What if there were browsers and protocols written by users instead of companies set up to exploit users.

[jimmaswell]

The world kept turning all these years before people got unreasonably paranoid about cookies and ad networks. I think it's all pointless theater. I wish Mozilla would focus more on browser customizability and other extension powers like we used to have with XUL and bringing the mobile browser up to speed instead. I couldn't care less about a Facebook tracking cookie.

[amenod]

I agree with the mobile browser (the only recent change they made, afaics, was to artificially disable most of the extensions and to make tab switching worse), however it is not just about ad networks that people are paranoid about. Tracking is pervasive and there are many players which know way too much about what users are doing on the net.

I don't even care if they track me - what I care about is that they track mostly everybody. Such power should not be underestimated.

[jimmaswell]

Law enforcement is exempt from GDPR and other online privacy acts and we all know how much intelligence agencies know. The people who it matters if they track you are still tracking you.

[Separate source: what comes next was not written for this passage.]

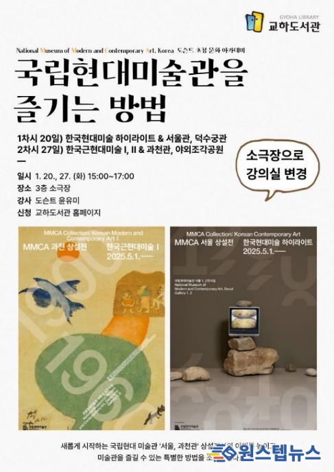 원스텝뉴스 이병희 기자 | 파주시 교하도서관은 오는 20일과 27일, 15시부터 17시까지 교하도서관 3층 소극장에서 전문 안내원(도슨트) 초청 강연 프로그램 ‘국립현대미술관을 즐기는 방법’을 운영한다.

All that changed is it's harder to make money from ads and it's more expensive and dangerous to run your own web service.

[mnot]

Not true; a substantial part of the Schrems II decision was about how the GDPR applies not only to law enforcement, but also national security surveillance. See eg ‘European Essential Guarantees.’

[xorcist]

This sounds like cookies should have worked from the start.

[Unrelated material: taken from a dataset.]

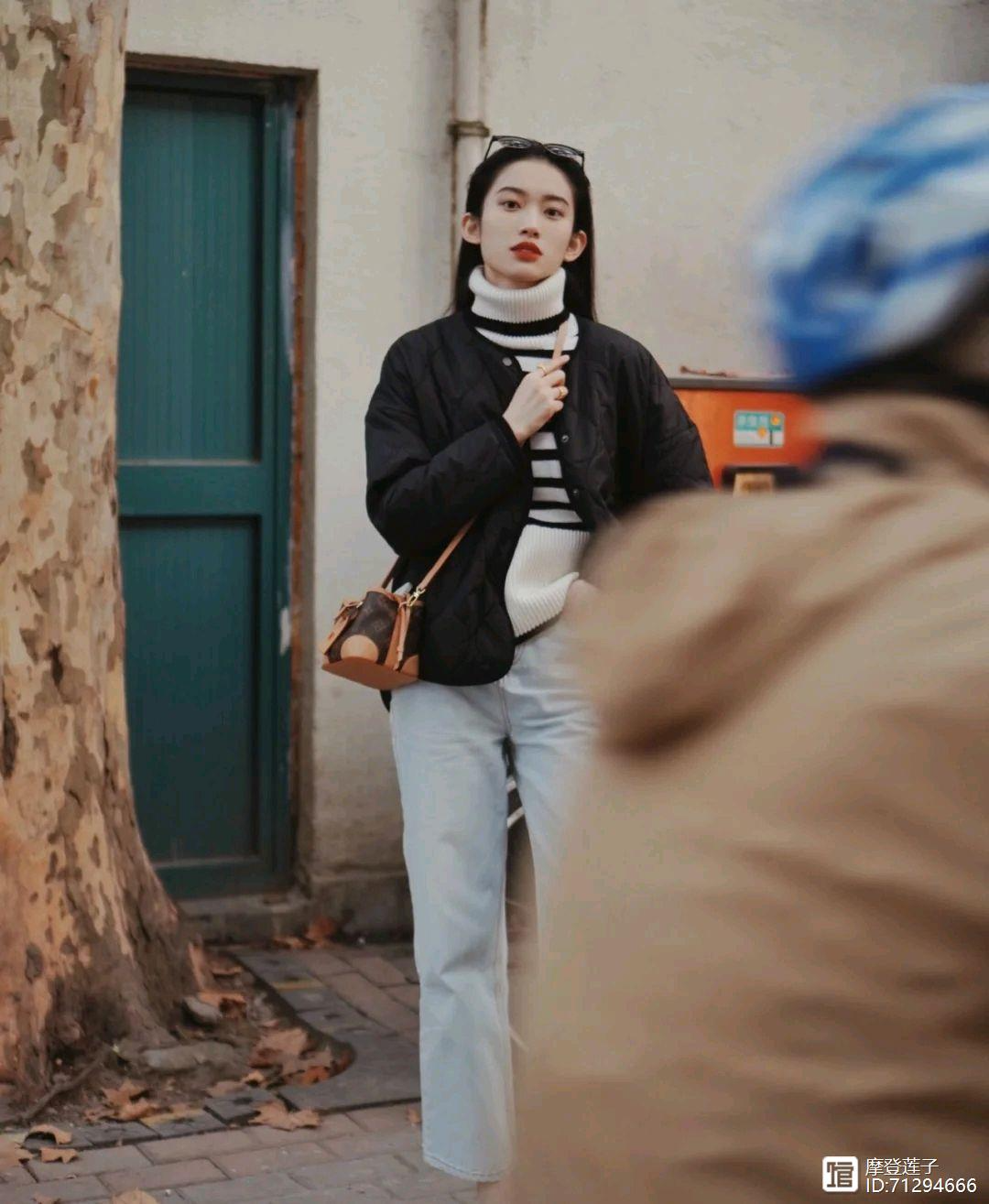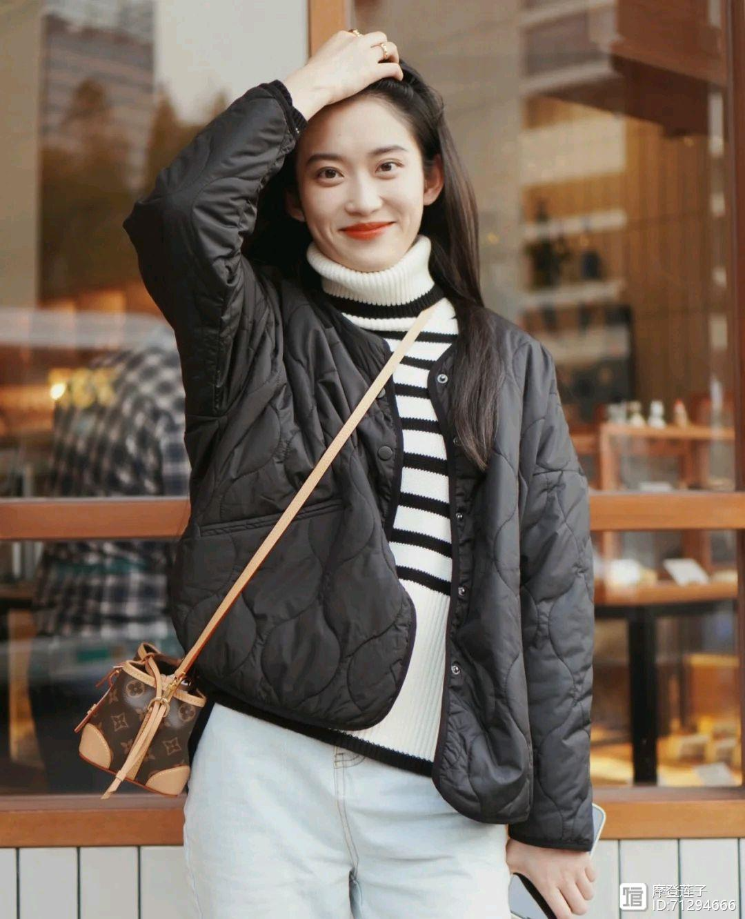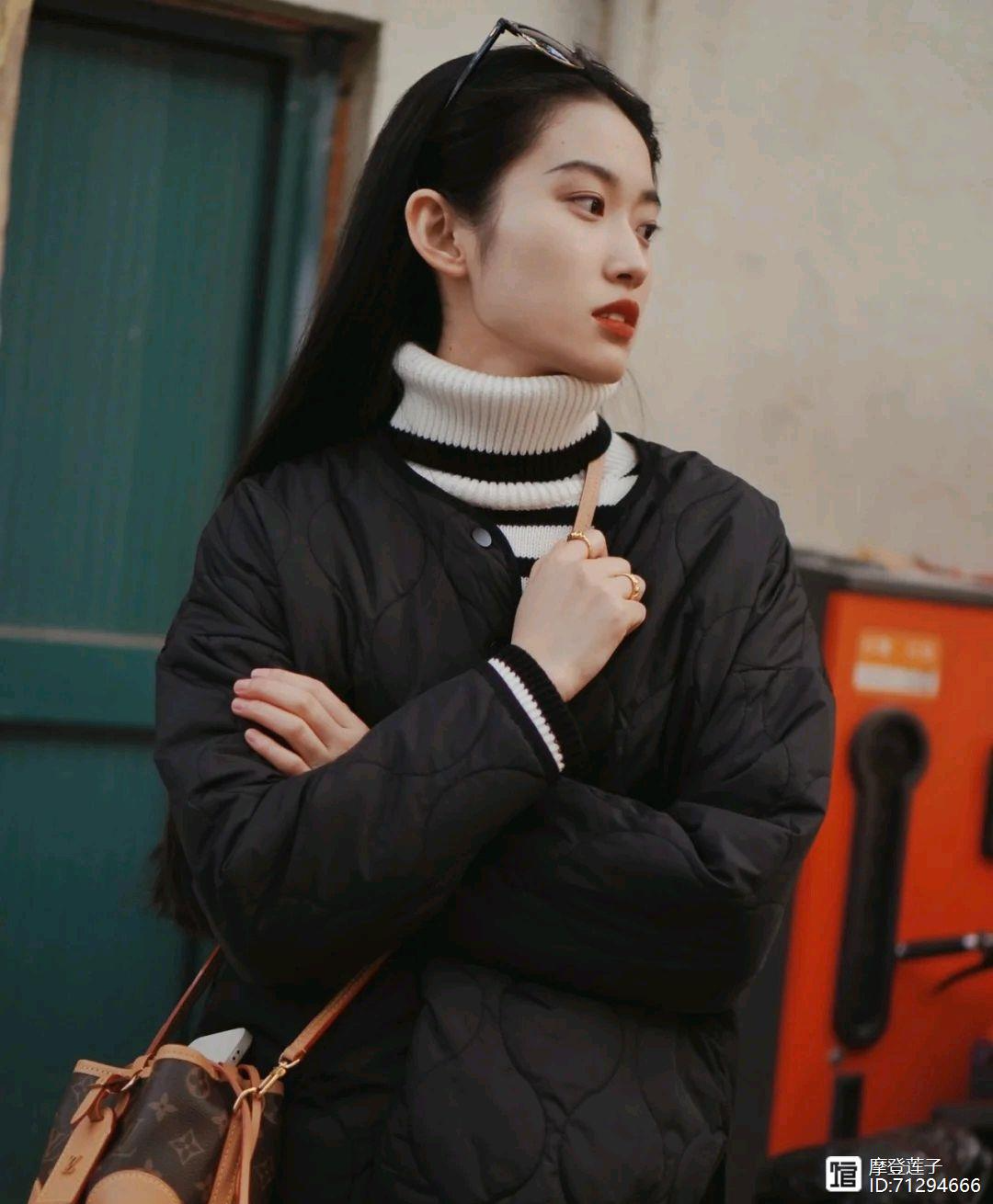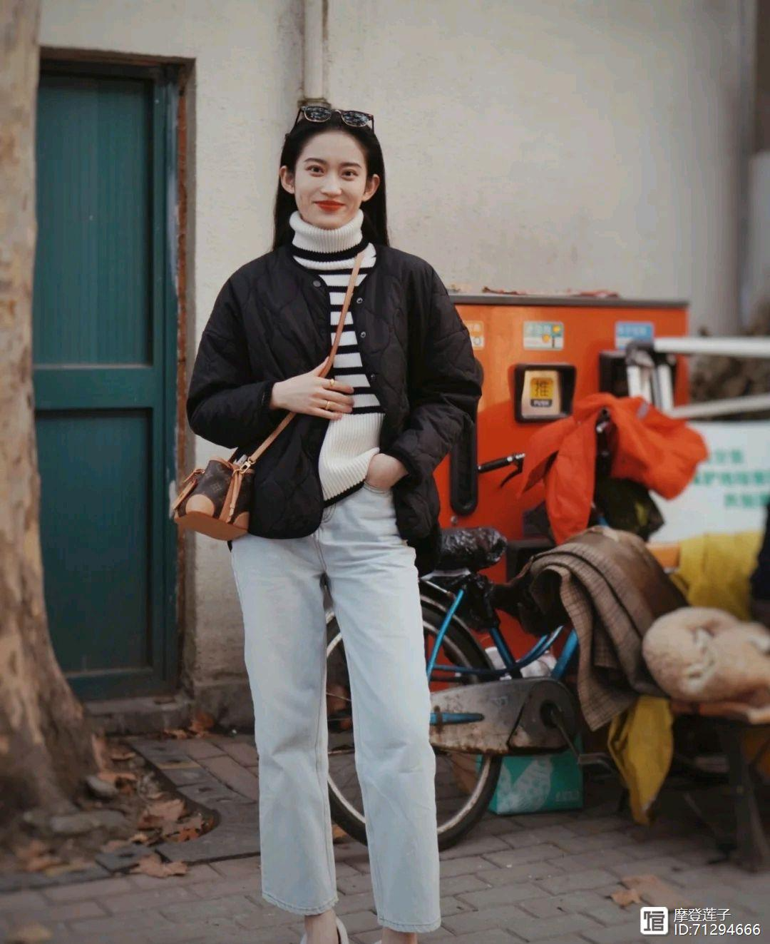 日常穿搭一般情况下都是很基础的服装款式,想要穿出高级感就很考验个人的穿搭能力,如果不会搭配的话确实没有什么亮点,可以像这位时尚博主一样,选择一件简简单单的黑色羽绒服搭配黑白相间的高领毛衣,再选择浅色牛仔直筒裤来搭配,穿出来的视觉效果简简单单,却做到了时尚与保暖并存。

I suspect this is going to help against some CSRF as well?

[jefftk]

How would this help with CSRF? The new feature only applies when someone intentionally clears their cookies.

[Terretta]

Not how I read it. To me it says Facebook.com cookies set through site A are separate from those stored through site B. Even if you never clear, fb cookies would no longer be a single cookie to link these, but separate.

The jar is the key new thing, not the emptying.

[jefftk]

The approach to the cookie jar isn't new in Firefox 91; that's Total Cookie Protection, added in Firefox 86: https://blog.mozilla.org/security/2021/02/23/total-cookie-pr...

[Terretta]

Delete the word “new”, emphasis on “key”.

[jrochkind1]

Should also make it easier to defeat some paywalls by clearing cookies just for that site.